Dyżurny komendy w Starych Babicach otrzymał zgłoszenie o kradzieży biżuterii i markowych perfum z domu mieszkalnego. W zeszłym miesiącu pokrzywdzeni zauważyli ich brak, chociaż do włamania nie doszło. Wszystko wskazywało na to, że mogła tego dokonać kobieta zatrudniona do posprzątania domu przed świętami. Kryminalni ustalili jej tożsamość oraz miejsce, gdzie może przebywać, a następnie zatrzymali 25-latkę. Za kradzież kodeks karny przewiduje karę do 5 lat pozbawienia wolności.
W zeszłym miesiącu dyżurny komendy w Starych Babicach otrzymał zgłoszenie kradzieży biżuterii i markowych perfum w jednym z domów na terenie gminy. W czasie, gdy doszło do przestępstwa pokrzywdzeni nie zauważyli żadnych śladów włamania, nie mieli też podejrzeń co do swoich domowników. Wszystko wskazywało na to, że kradzieży mogła dokonać kobieta oferująca na jednym z portali społecznościowych usługę sprzątania mieszkań i domów, a którą pokrzywdzeni zatrudnili do posprzątania domu przed świętami. Podczas pobytu u nich, w pewnym momencie kobieta poinformowała pracodawców, że musi już iść, ponieważ właśnie umarła jej babcia. Na tym kontakt z 25-latką się urwał.

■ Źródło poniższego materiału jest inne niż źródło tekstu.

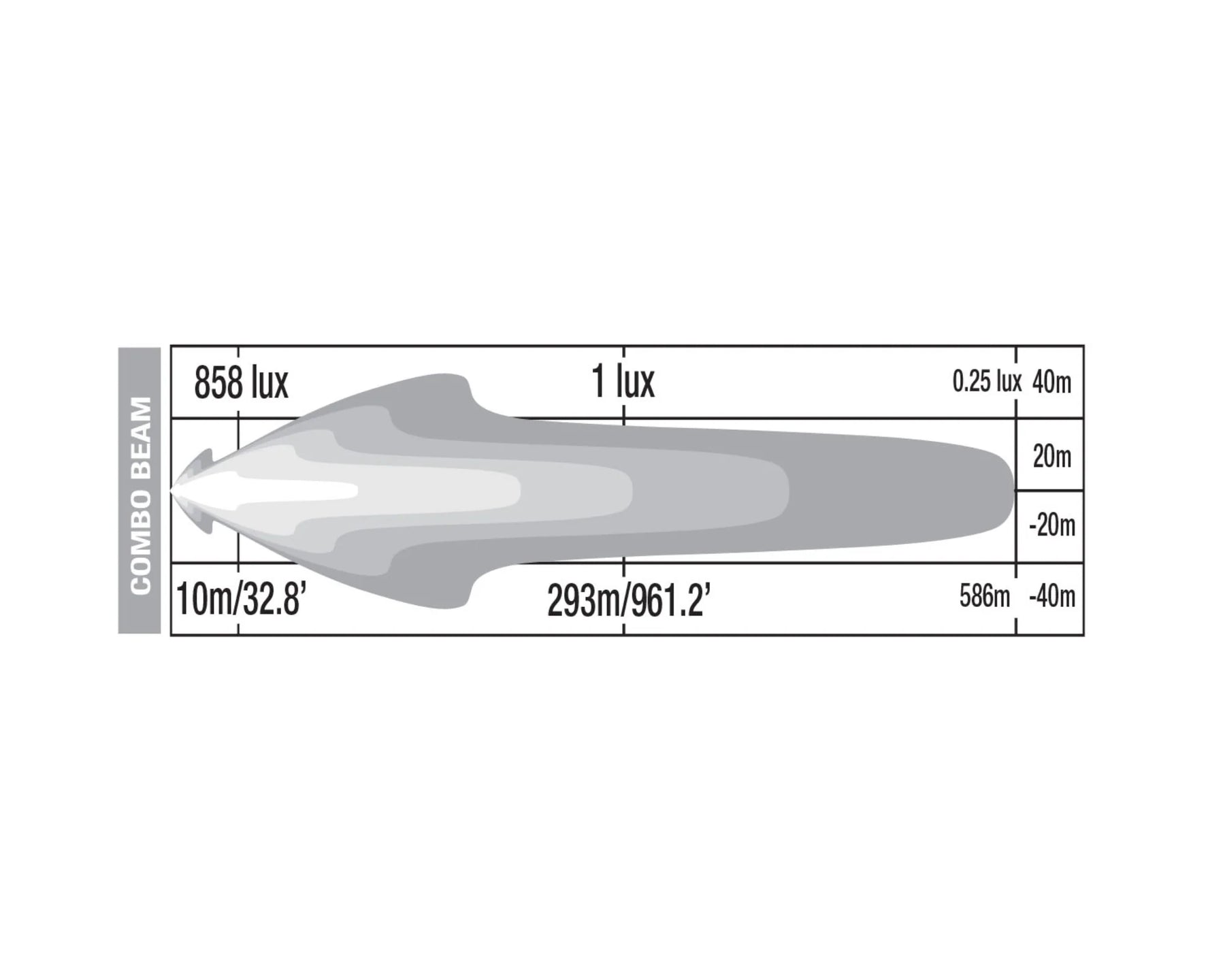 Total Internal Reflection (TIR): TIR optic lenses run through the center of the driving light, capturing 100% of the LEDs' output, ensuring optimal lighting efficiency and projection for an exceptional driving experience. Spot lenses focus the light directly ahead, while Combo lenses spread the light horizontally for broader coverage.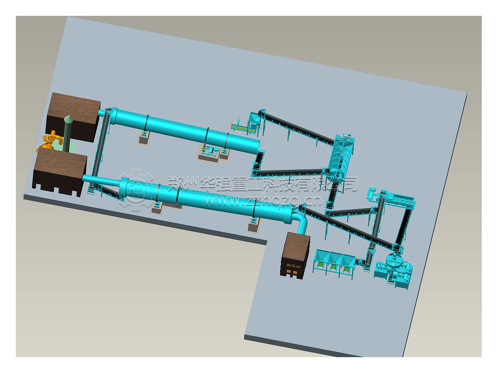 輪盤式發(fā)酵翻推機——配料系統(tǒng)——半濕物料粉碎機——雙軸攪拌機——除塵器——組合造粒機——烘干機——冷卻機——滾筒篩分機——包膜液電加熱熔爐攪拌罐——自動包裝。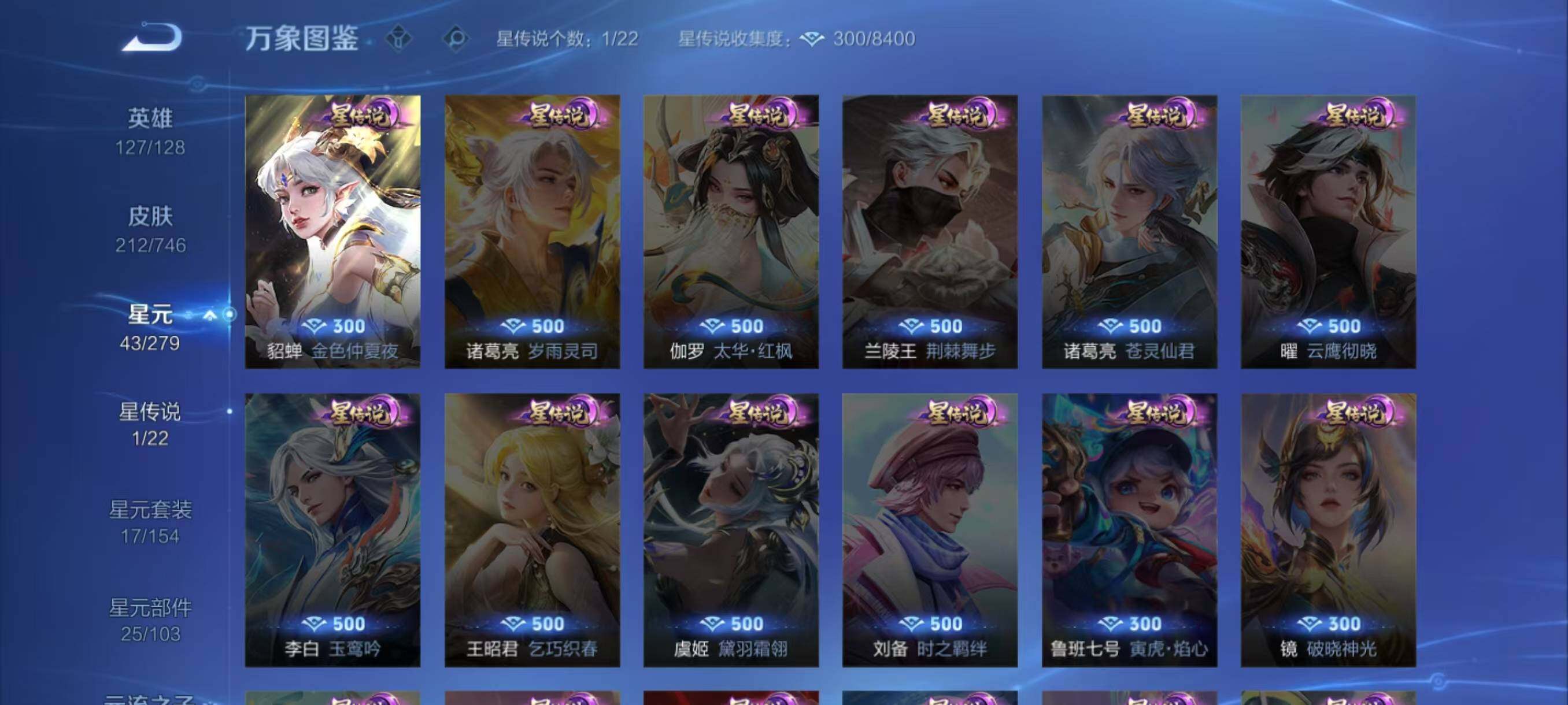 【赛季限定】:狄仁杰万华元夜,达摩沙漠行僧,兰陵王金庭之子,张良古海寻踪,李元芳云中旅人,钟馗驱傩正仪,苏烈千军破阵,沈梦溪大漠名商,裴擒虎擒涛扼浪,鲁班大师探海日志,桑启海盐诗旅,鬼谷子天穹祈灯,刘邦剑破天穹,姜子牙天穹之誓

Sprawą zajęli się kryminalni ze starobabickiej komendy. Funkcjonariusze ustalili tożsamość kobiety oraz miejsce, gdzie może przebywać, a następnie zatrzymali ją. Podczas przeszukania jej miejsca zamieszkania policjanci zabezpieczyli biżuterię. Jak się okazało, to nie była pierwsza rodzina, która padła ofiarą 25-latki. Mieszkanka błońskiej gminy usłyszała dwa zarzuty kradzieży. Za popełnienie tego przestępstwa kodeks karny przewiduje karę do 5 lat pozbawienia wolności.